Наконец я подняла глаза и посмотрела на Алешу. Он сидел на полу рядом со мной, привалившись к стене, и… спал. Это был совсем не тот человек, с которым полгода назад я гуляла по Москве и поцеловалась: он похудел, был небрит, из-под расстегнутого полушубка выглядывала камуфляжная куртка, которую не мешало бы постирать. И все-таки это был Алеша! Он вернулся – ко мне. Я его дождалась.
Его – и розы.
Конечно, в жизни редко бывают такие уникальные и “судьбоносные” совпадения, как во всенародно любимой комедии Эльдара Рязанова “Ирония судьбы”. Но в новогоднюю ночь случаются порой удивительные события, круто меняющие человеческие судьбы. Или просто меняющие, пусть медленно, но верно. Как случилось со мной двадцать пять лет тому назад. Господи, уже двадцать пять?
Но мне до сих пор страшно подумать о том, что всего этого вполне могло и не быть. Потому, что этого просто не должно было быть. Во всяком случае, как говорят теперь, “не в этой жизни”. Тем не менее, когда я перечитываю дневник того времени, я и смеюсь, и плачу, и заново переживаю тот високосный год. И даже не знаю, кого благодарить за все то, что случилось…
?1 января. Сколько я себя помню, этот день всегда был удивительно грустен. А последние годы — вообще сплошные слезы. Казалось бы, логичнее наоборот: плакать 31 декабря и на что-то надеяться в первый день Нового года. Нет.

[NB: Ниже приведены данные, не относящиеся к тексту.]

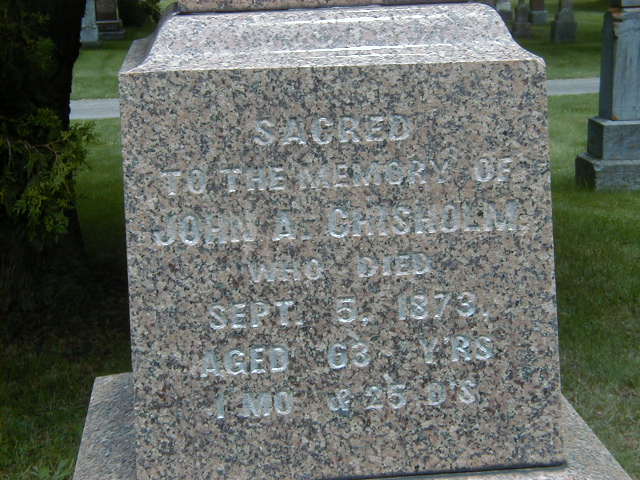 CEMSearch: Name: J. A. Chisholm; Sex: M; Born: - ; Died: - ; Buried: Longwell Cemetery, Conc 5, Lot 35, Sidney Twp., Row 00J Plot 0002; Other names: Francis H. Chisholm (Chisholm)( -1853.)12,6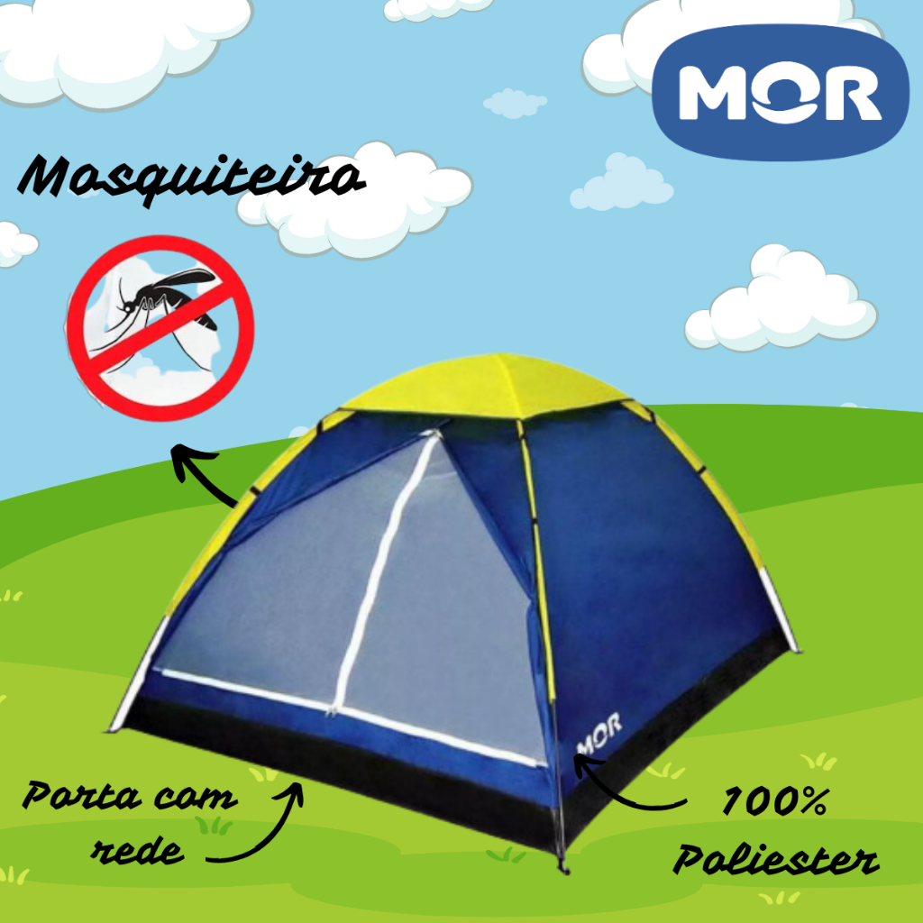 DESCRIÇÃO DO PRODUTO: As Barracas Iglu da Mor são super fáceis de montar devido a sua estrutura em varetas de fibra de vidro interligadas. São confeccionadas em poliéster e a costura entre o piso e o dormitório é invertida, evitando vazamentos de água para o interior da barraca. O piso é confeccionado em polietileno (ráfia) reforçado. Além disso, elas possuem sacola de nylon para transporte, mosquiteiro na porta e no teto, local para pendurar lanterna dentro da barraca e proteção contra vazamentos! Este produto é próprio para 3 pessoas. Acompanha sacola de transporte. CARACTERÍSTICAS DO PRODUTO: Tipo de Material: 100% poliéster. Piso 100% polietileno. Varetas 100% fibra de vidro. Cor: Azul Peso: 1,50Kg Coluna d'agua: 300mm DIMENSÕES DO PRODUTO: Altura: 1,15 m Largura: 1,60 m Comprimento: 2,05 m

Так вот — сегодня все наоборот. В кои-то веки нас с мужем пригласили встретить Новый год в компании. И... “в лесу сдох большой серый волк”: муж согласился. Хотя честно предупредил, что предстоит не самый веселый вечер в моей жизни, поскольку он рядом со мной постоянно сидеть не намерен, а такой серенькой и глупенькой мышке, как я, лучше вообще из своей норки не высовываться. Засмеют.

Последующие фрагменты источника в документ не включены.